What she discovers will overturn everything she thought she knew about her family – and change her life forever.
I’ve looked forward to the new Polly Crosby novel for a while, it was one of my most anticipated books of 2023. I love her writing so I gave myself a lovely sunny weekend to completely wallow in the story. It seemed fitting that I was outside, since nature plays a strong part in the novel both metaphorically and as an extra character that’s often more vivid than the inner spaces. Eve has felt adrift since her mum Angela died so her four brothers think it might be good for her to take a trip to the coast and clear out their grandmother’s studio. Grandmother Dodie was a painter and lived a fairly basic life in a small ramshackle studio just off the beach. Eve has fond memories of childhood holidays there, when her brothers would snuggle up with her like sleepy puppies on the studio floor at night. Close by is the strangely alluring Cathedral of the Marshes, a glass building so imposing it has the presence of such a holy building. Once, when she was a teenager, Eve had taken a dare to go into the cathedral with Elliot, one of the local boys. She remembers being terrified, but doesn’t remember much else about that night apart from seeing a painting standing on an easel. Strangely, it was a portrait of her and she ran out into the night, never to return. How will it feel to be back in a place that she has feared, but that still holds some of her best childhood memories? When she finds Dodie’s letters and reads of her relationship with Vita, she is plunged into a completely hidden part of her grandmother’s life.
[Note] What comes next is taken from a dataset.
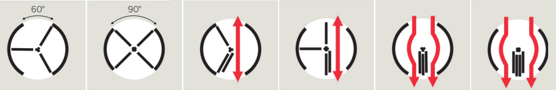 При приложении усилия больше заданного створки двери складываются в обоих направлениях. Это означает возможность быстрого выхода из здания через обе стороны двери, независимо от направления вращения.

This is a dual timeline novel, so through the letters we go back to the outbreak of WW2 and Dodie’s early years at the studio. She met one of her more notorious neighbours, Vita Goldsborough, resident of Goldsborough Hall and an owner of the glass cathedral. Vita and her brother Aubrey are the subject of gossip in the village. The stories are varied: Vita went mad and was put in a psychiatric hospital; Vita and Aubrey committed incest; they were to blame for ‘the vanishings’. They didn’t mix in the village and the stories around the siblings seemed to multiply and when a local girl vanished they were the first to be blamed by villagers. Strangely, as Eve arrives, a boy goes missing. It seems like an echo of the past, a foreshadowing, as if this is a thin place where memories and historical events seem close enough to touch. The physical sorting of her grandmother’s belongings is a simple enough task, she will just hire a skip, but when it comes to finding things that evoke memories and emotions they’re not so easily thrown away. Now Eve finds herself questioning the past and discovering things about this place and her beloved grandmother that she’d never imagined.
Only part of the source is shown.